El incidente de los exámenes contribuyó á enflaquecer más todavía su resolución. Entre el repaso, los temores del mal éxito y las idas y venidas de los amigos que le traían, por decirlo así, relación del estado barométrico de las notas, Rogelio se encontró fuera del círculo mágico con que nos rodea la idea fija amorosa, y á no ser por un par de ojos verdes que de vez en cuando se fijaban en los suyos, hasta hubiese olvidado aquéllo, que, por raro fenómeno de óptica, le parecía todos los días menos inminente—siendo así que lo era más, pues la salida á Galicia estaba irremisiblemente señalada para después de los exámenes.
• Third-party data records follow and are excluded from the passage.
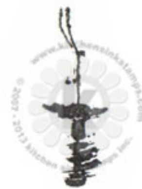
Step #5 Onyx Black VersaFine Ink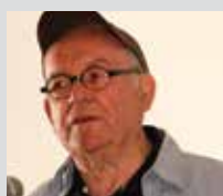
Buck Henry Screenwriter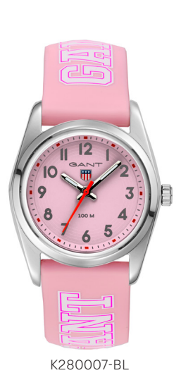
FUNCTIONS: 3 HANDS | CASE DIAMETER: 28 MM | CASE THICKNESS: 8 MM | LUG WIDTH: 16 MM CASE MATERIAL: STAINLESS STEEL | CRYSTAL: SCATCH RESISTANT MINERAL | STRAP MATERIAL: SILICONE MOVEMENT: SEIKO Y121F | BATTERY: SR626SW | WATER RESISTANCE: 10 ATM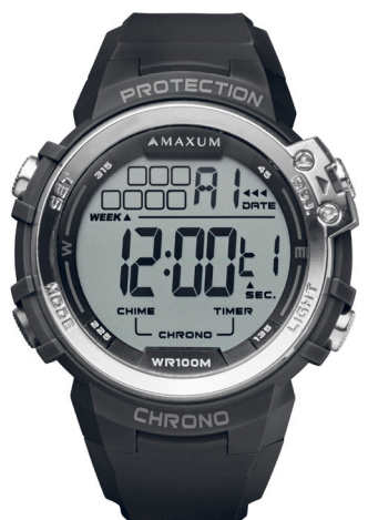
EXPLORER - $99 X2223G1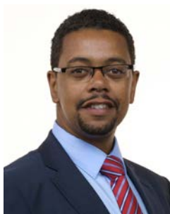
Kirsty Williams MS Minister for Education

A handwritten signature in black ink that reads "Vaughan Gething".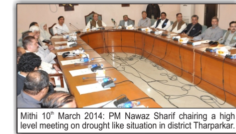
Mithi 10 th March 2014: PM Nawaz Sharif chairing a high level meeting on drought like situation in district Tharparkar.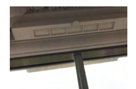
Window trickle vents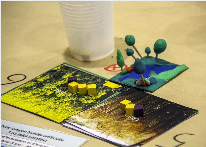
Figure 11.2. “Res’eaulution Diffuse” role-play (Brie’eau project)

Even if it is still too early to talk about real organisational learning, several signs point to a shift in the way local collective action on water and agricultural issues is thought out (Seguin et al. , 2021).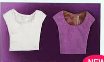
Cut Short Pastel Top Set 016-154 $38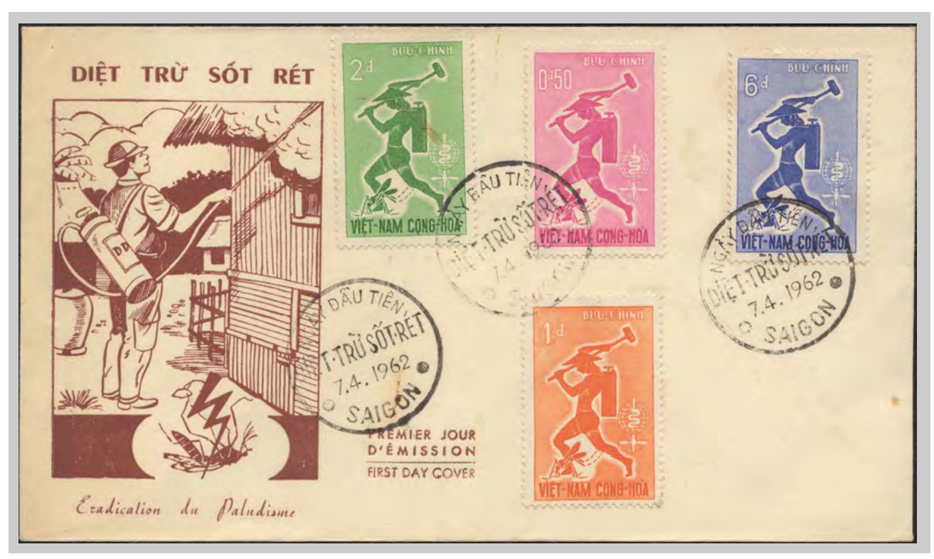
FDC by T.Q.H. (type 4 cancellation)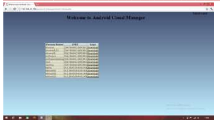
Fig 5. Registered user with cloud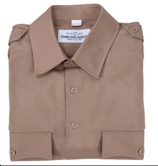
AGSU SHORT SLEEVE OVERBLOUSE - OFFICER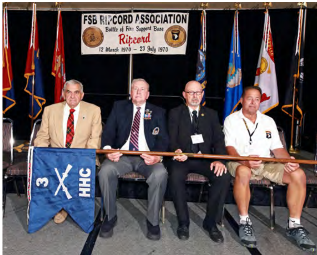
3rd BRIGADE HHC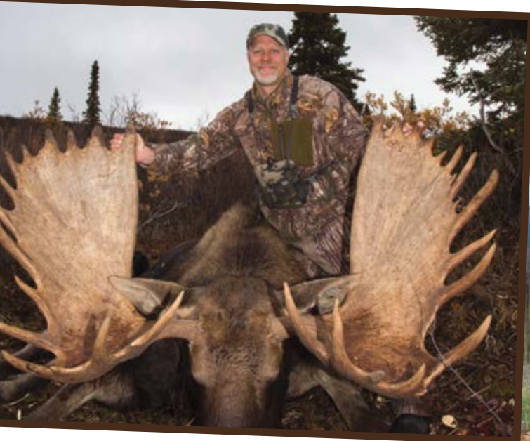
8-DAY CANADA MOOSE HUNT DONATED BY NORTHWEST BIG GAME OUTFITTERS

You have the opportunity to be a part of the history of the Boone and Crockett Club by purchasing the 1,000th Lifetime Associate spot. This would make a life-long gift for your child or grandchild.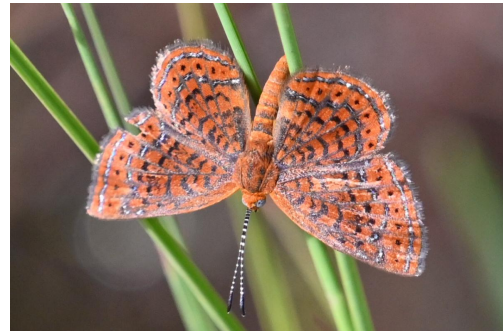
Little Metalmark , in habitat at Big Cypress Preserve.

Donations allow us to provide important conservation services such as improving our free online resources, increasing protection of rare plants and animals, restoring native ecosystems, and advocating for better public policy.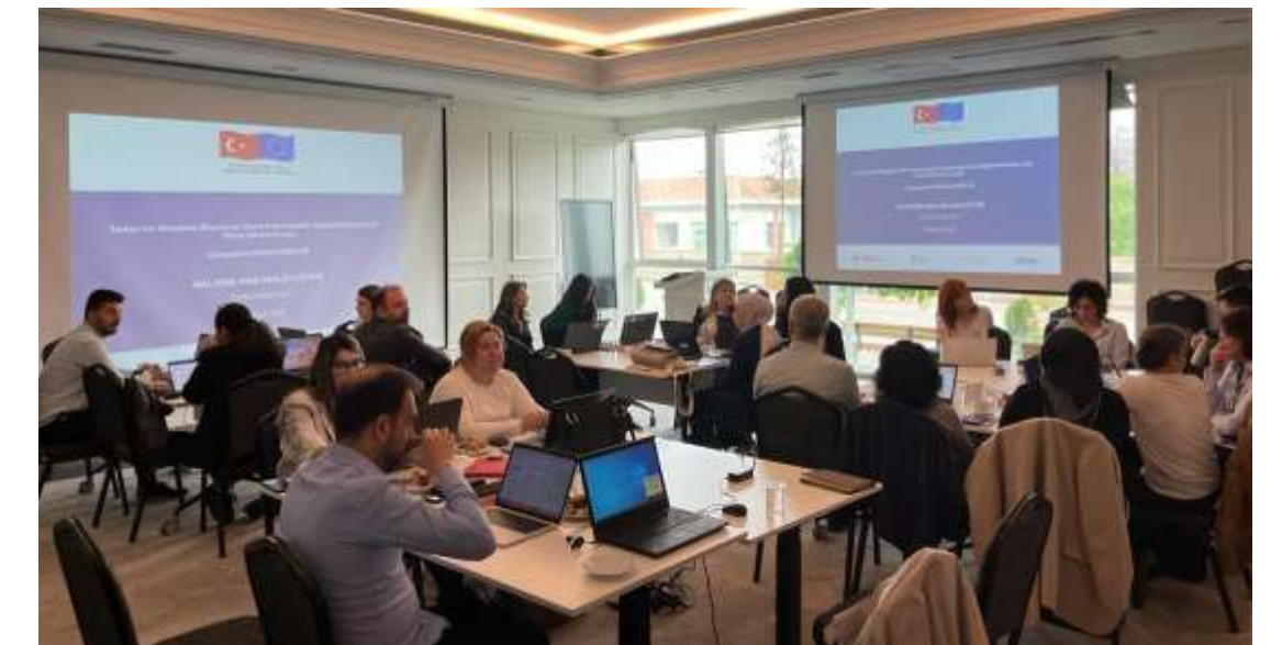
Material Flow Accounting Training, Ankara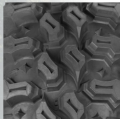
ROCK JAW 8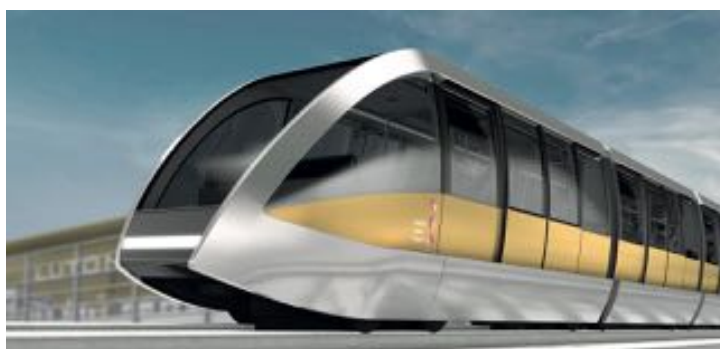
Above. The Dart rail link train.

Meanwhile, he added, a new three-minute rail link costing £225 million, connecting Thameslink's Luton Parkway station to the airport terminal was under construction. It was designed to encourage more passengers to arrive and leave by rail rather than by car. The airport was liaising with Thameslink to improve capacity of trains serving Parkway station.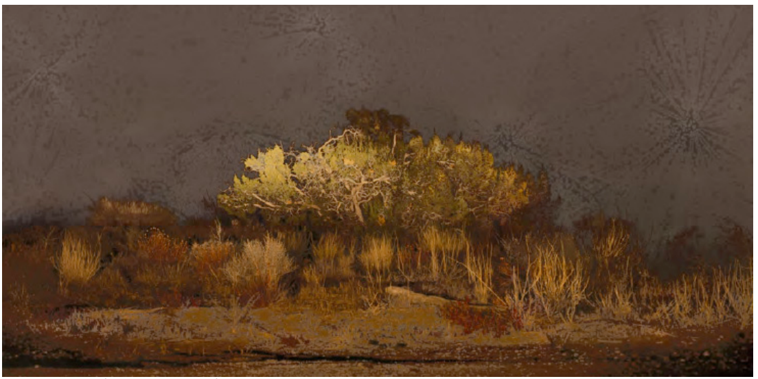
Scenapse #8 (Desert Nocturn) © Aziz + Cucher

Seen together, these two bodies of work evoke feelings of fragility and transience, qualities that are part of both the natural and man-made world.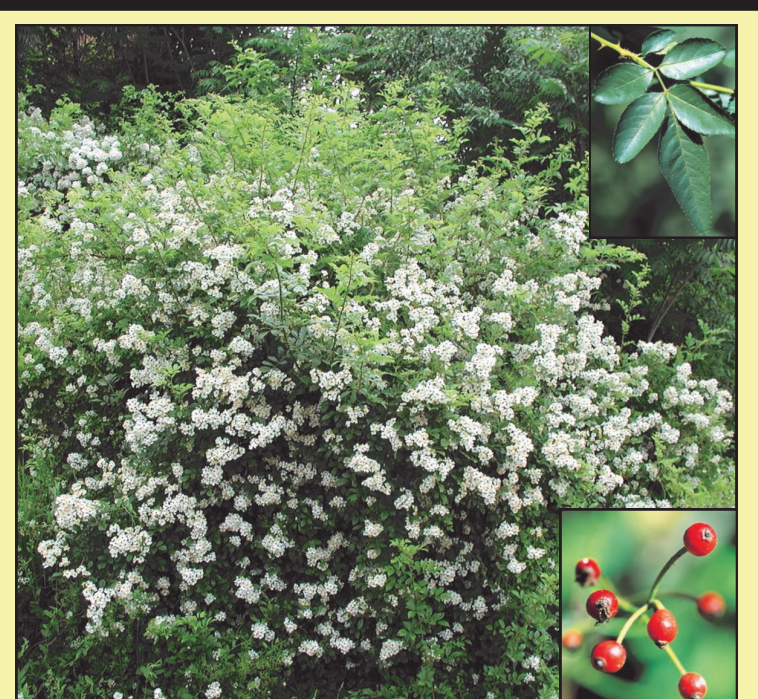
Multiflora Rose ( Rosa multiflora )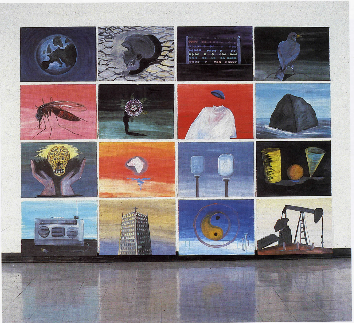
Some preliminary drawings from the Fracture Series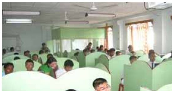
Students' practical in computer applications - Creation of E-mail accounts in progress

them learn some aspects of IT. During the session at DOEAAC center, all the student participants could open e-mail accounts of their own and start communicating among themselves. The Scientific staff also monitored the performance and enthusiasm of the student participants while conducting the practical in the center. Apart from learning E-mail related issues by use of computers, the students also interacted with the scientific faculties of the centre on scopes of IT. On the second day, the participants were taken to the Centre for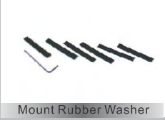
Mount Rubber Washer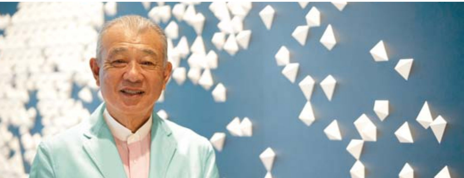
Honorary Chairman Yohei Sasakawa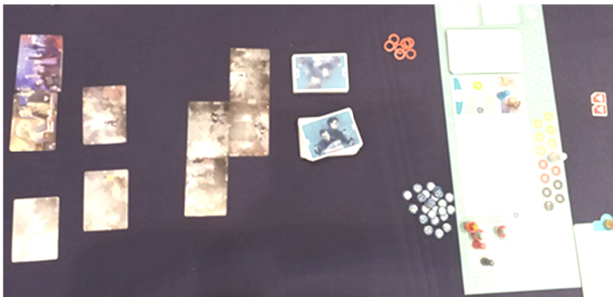
Playing Holding On – note the sharp memories top left and those red rings on the pawns (bottom right) show that they're stressed!

We played the first scenario, where victory means getting a clear memory in each time period (not enough to really make any sense of Billy's life). However, you have to do this within a week (21 shift cards) and without Billy dying. (Or having anybody struck off.) We managed this by the skin of our teeth – on the final shift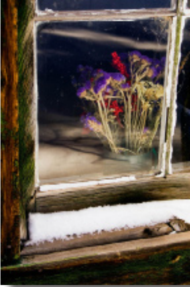
"Open Church Window" Bruce du Fresne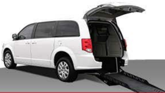
Dodge Grand Caravan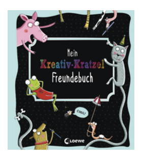
Creative Scratching Friendship Album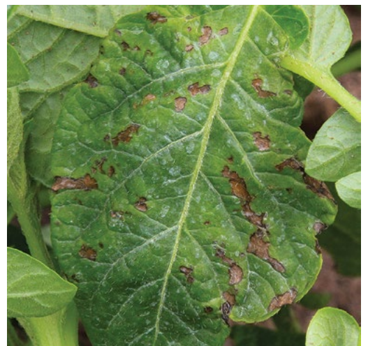
Phosphorous Acid Burn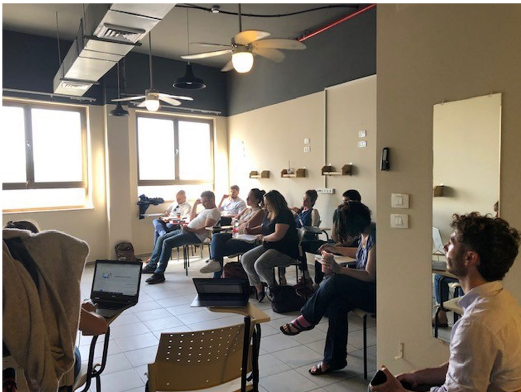
HIAS Israel law fellows in training, August 2020.

HIAS staff are subject to a robust Code of Conduct and set of internal policies, including PSEA, Non-Discrimination and Anti-Harassment, Conflict of Interest, Privacy, Whistleblowing, Security and Emergency Preparedness, Information Security, Data Breach, Finance and Accounting, as well as others relating to procurement, travel, and reimbursements.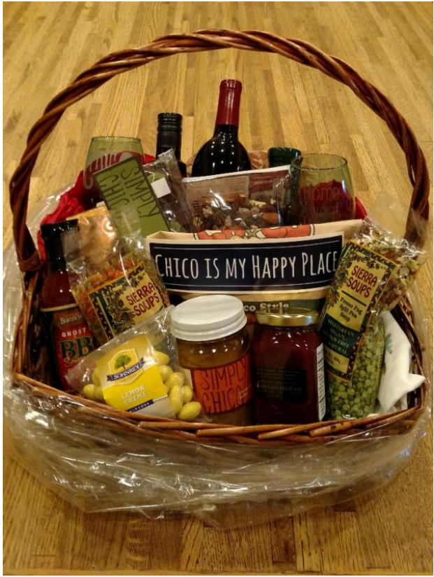
April's raffle basket is brought to you by the Service Committee

Below is a list of Above & Beyond Soroptimist volunteers that have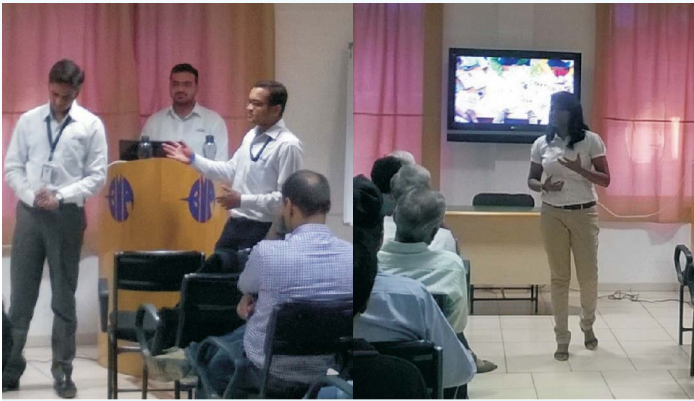
The Session was addressed by the winning teams of 25th AAOYM 2016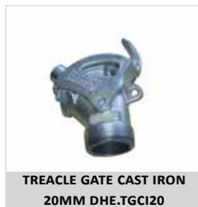
TREACLE GATE CAST IRON 20MM DHE.TGCI20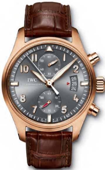
REF. IW387803 in 18-carat red gold with brown alligator leather strap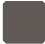
128 OC/LC Smoke Smoke Smoke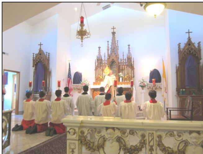
Closing ceremonies for the Forty Hours Adoration took place on Passion Sunday

For me, road trips are kind of fun so I enjoyed the 6-7 hour drive to our destination. Of course it was a little tiring sitting for that long of a time, but when sleeping, it was really nice. On the way, the view of the Rocky Mountains was gorgeous. It was a sunny day and, being spring, the mountainsides were covered in green. At one point of the journey, we passed a part of the mountains were Our Lady of the Rockies is. That statue is 90 feet in height and is very beautiful.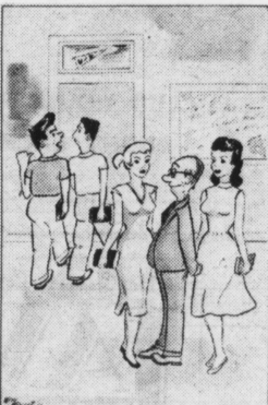
We're sunk—he grades on the curve!

The fly is considered the worst insect to the human being.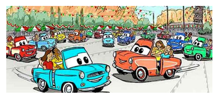
Luigi's Rollickin' Roadsters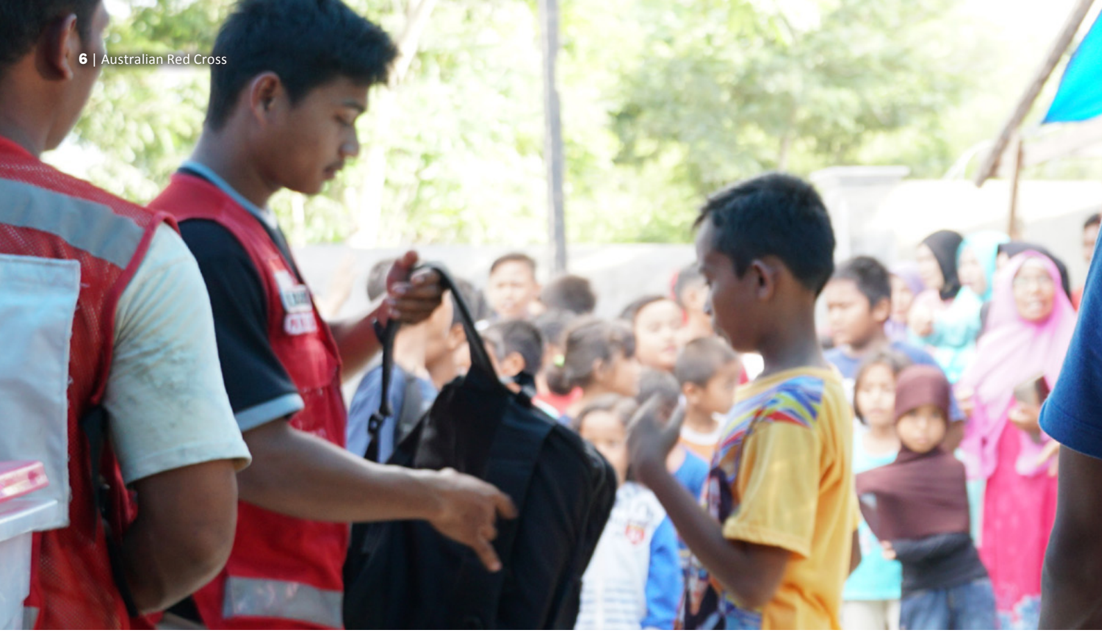
Red Cross volunteers distribute supplies to families affected by earthquake. PMI's strong volunteer network and volunteer expertise is crucial to Indonesia's emergency response.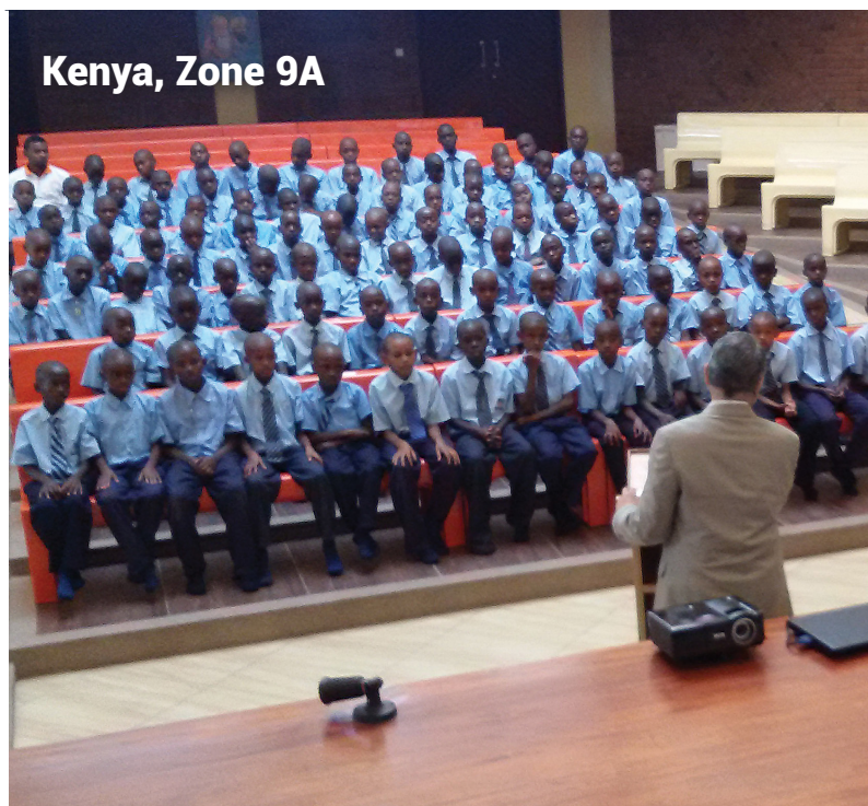
Kenya, Zone 9A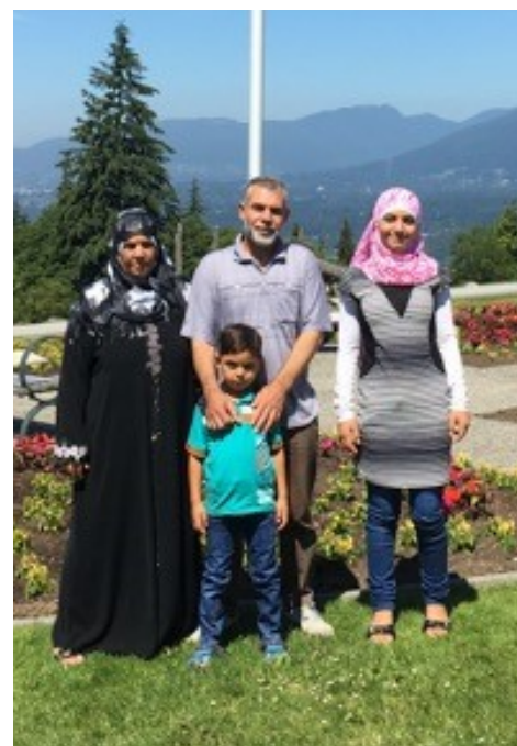
The family standing in front of a Canadian flag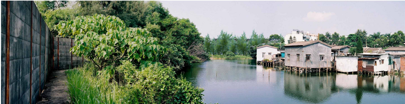
View from Wo Shang Wai Village at Year 10 with Mitigation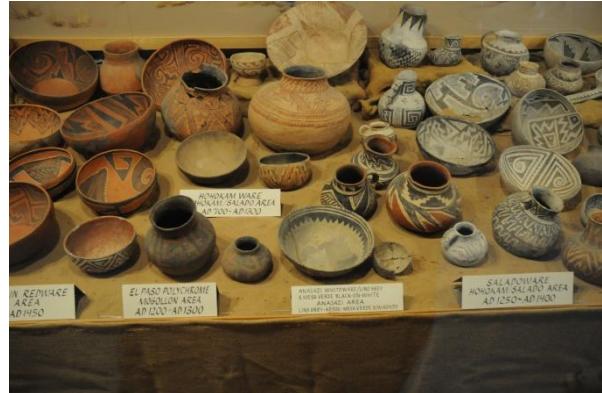
Mogollon pots at Geronimo Springs Museum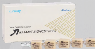
KATANA™ AVENCIA™ Blocks 12 (5pcs)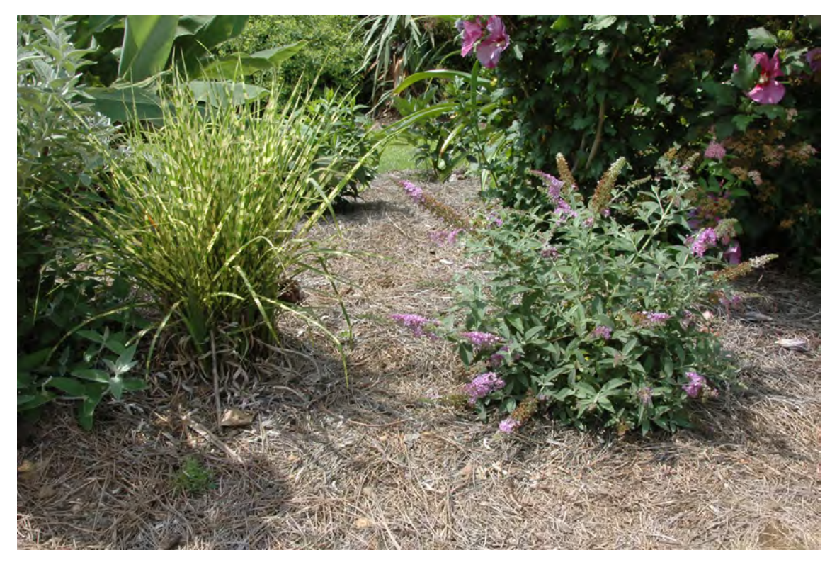
Figure 4. 'Lilac Chip' in a garden setting. Plant shown is 3 years old.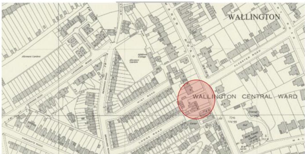
Figure 7: OS Map (1957)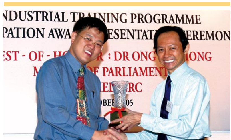
A total of 57 companies were presented with awards at the Industrial Training Programme Awards Presentation Ceremony to thank them for their support.

The Department continued to honour external trainers and partners at the Continuing Education Awards Presentation Ceremony which was held on 26 August 2005.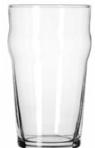
English Pub Glass No. 14801HT ●★ 20 oz./59.2 cl./592 ml. H6 T3¾ B2¾ D3½ 3 doz./28# • 1.88 cu.ft. SCC 580118 TRAEX TR-6BB □

Y éstos llegaron, y se encontró Rogelio con dos asignaturas aprobadas; pero en una—la más ingrata y antipática para él—le cayó como una ducha fría un suspenso. «De estas calabazas ya sé yo quién tiene la culpa...», pensaba la madre, mirando al través de la puerta entornada á Esclavitud, que pasaba un plumero á los cuadros del saloncito. «En esto paran las guilladuras; pero, ¿qué le vamos á hacer? cada edad trae lo suyo. En Septiembre ganará lo que pierde ahora; bien joven es; con tal que esté sano... Y seamos justos; la jaca también me lo levantó de cascos en esta temporada última. Verdad que más vale así. De la primavera acá no me quejo. Bien se ha portado la jaquita... Merece una libra de azúcar.»

XXIII

LA última noche que la familia Pardiñas pasó en Madrid antes de marchar á su tierra, vino mucha gente á decirles adiós, y se formó una pequeña tertulia animada y sin etiqueta. A fines ya de Junio, el momento más hermoso para salir y buscar sociedad era realmente entre diez y once de la noche, cuando corre un sano aire fresco hasta por las abrasadas callejuelas del Madrid antiguo, del que ni tiene arbolado ni casi goza los beneficios del riego municipal. Bajaron las vecinas del segundo, sobrinas de un brigadier de ingenieros, y acudió también la marquesa viuda de Andrade, paisana de doña Aurora, señora guapetona y maja, bastante conocida en los círculos aristocráticos, y acostumbrada por consiguiente á recogerse tarde. La señora de Pardiñas, al encontrarse rodeada de visitas, se dedicó á agasajarlas lo mejor que pudo y supo, dejando girar libremente la conversación, que versaba sobre cosas del país donde iba á volver después de tantos años. La Marquesa, alegre y rozagante, habló de irse pronto á Vigo, y enseñó un brazalete nuevo, con zafiros y brillantes, dando á entender que había en él cierto misterio. «Esta anda otra vez con intenciones de maridar—pensó doña Aurora.—¿Quién será el galán? Dios se la depare buena.»